Exercise objective: Look below for the line that contains "Here we have", then copy it and each following line exactly, through and including the line that contains "Taşlı Tarot Kolye".

Record extracts:
·····

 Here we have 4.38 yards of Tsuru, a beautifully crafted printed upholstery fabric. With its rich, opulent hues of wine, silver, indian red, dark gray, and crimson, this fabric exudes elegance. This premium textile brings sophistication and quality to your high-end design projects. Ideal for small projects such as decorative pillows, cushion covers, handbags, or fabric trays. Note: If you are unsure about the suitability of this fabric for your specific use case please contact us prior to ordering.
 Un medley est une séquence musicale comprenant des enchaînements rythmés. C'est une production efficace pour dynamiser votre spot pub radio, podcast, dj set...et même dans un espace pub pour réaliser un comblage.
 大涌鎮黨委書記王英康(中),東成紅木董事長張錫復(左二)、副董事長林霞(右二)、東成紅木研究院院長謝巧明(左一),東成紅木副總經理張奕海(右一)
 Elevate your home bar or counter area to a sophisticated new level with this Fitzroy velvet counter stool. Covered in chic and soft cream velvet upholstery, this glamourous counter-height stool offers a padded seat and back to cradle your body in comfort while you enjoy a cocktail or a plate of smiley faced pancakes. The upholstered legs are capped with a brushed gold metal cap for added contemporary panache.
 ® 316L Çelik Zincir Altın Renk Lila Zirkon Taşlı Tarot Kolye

·····

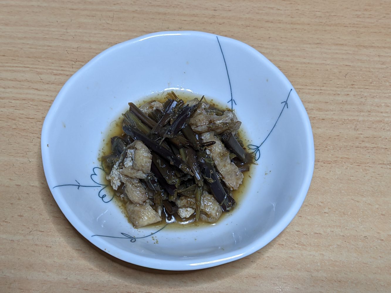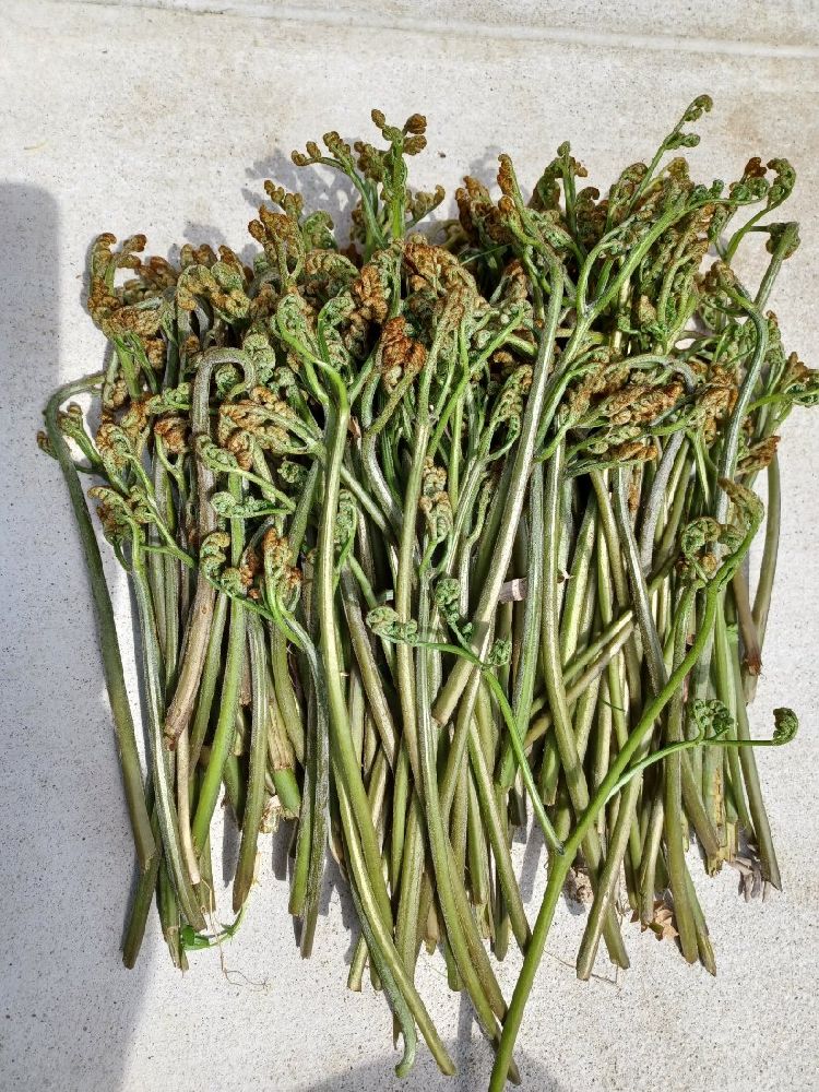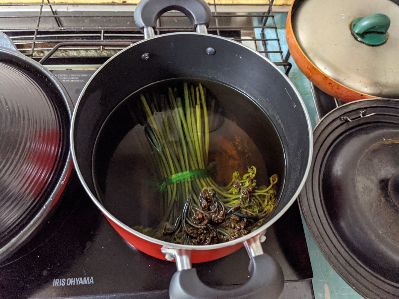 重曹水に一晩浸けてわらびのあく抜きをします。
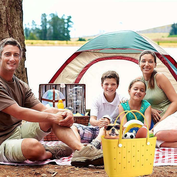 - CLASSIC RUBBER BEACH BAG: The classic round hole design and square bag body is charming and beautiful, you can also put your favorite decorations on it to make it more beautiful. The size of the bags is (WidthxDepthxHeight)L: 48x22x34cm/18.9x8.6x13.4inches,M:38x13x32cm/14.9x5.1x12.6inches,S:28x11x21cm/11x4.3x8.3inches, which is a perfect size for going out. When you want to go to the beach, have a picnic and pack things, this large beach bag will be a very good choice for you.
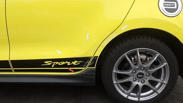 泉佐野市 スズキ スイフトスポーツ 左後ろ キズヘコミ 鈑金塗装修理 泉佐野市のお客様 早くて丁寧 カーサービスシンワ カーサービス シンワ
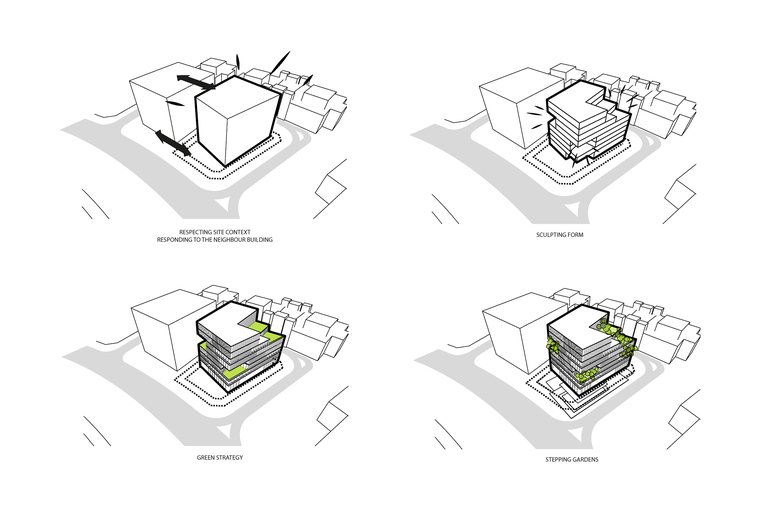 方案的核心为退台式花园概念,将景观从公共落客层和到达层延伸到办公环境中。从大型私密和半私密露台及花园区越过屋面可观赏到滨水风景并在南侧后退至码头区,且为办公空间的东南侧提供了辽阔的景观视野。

·····

Solution to the exercise:
 Here we have 4.38 yards of Tsuru, a beautifully crafted printed upholstery fabric. With its rich, opulent hues of wine, silver, indian red, dark gray, and crimson, this fabric exudes elegance. This premium textile brings sophistication and quality to your high-end design projects. Ideal for small projects such as decorative pillows, cushion covers, handbags, or fabric trays. Note: If you are unsure about the suitability of this fabric for your specific use case please contact us prior to ordering.
 Un medley est une séquence musicale comprenant des enchaînements rythmés. C'est une production efficace pour dynamiser votre spot pub radio, podcast, dj set...et même dans un espace pub pour réaliser un comblage.
 大涌鎮黨委書記王英康(中),東成紅木董事長張錫復(左二)、副董事長林霞(右二)、東成紅木研究院院長謝巧明(左一),東成紅木副總經理張奕海(右一)
 Elevate your home bar or counter area to a sophisticated new level with this Fitzroy velvet counter stool. Covered in chic and soft cream velvet upholstery, this glamourous counter-height stool offers a padded seat and back to cradle your body in comfort while you enjoy a cocktail or a plate of smiley faced pancakes. The upholstered legs are capped with a brushed gold metal cap for added contemporary panache.
 ® 316L Çelik Zincir Altın Renk Lila Zirkon Taşlı Tarot Kolye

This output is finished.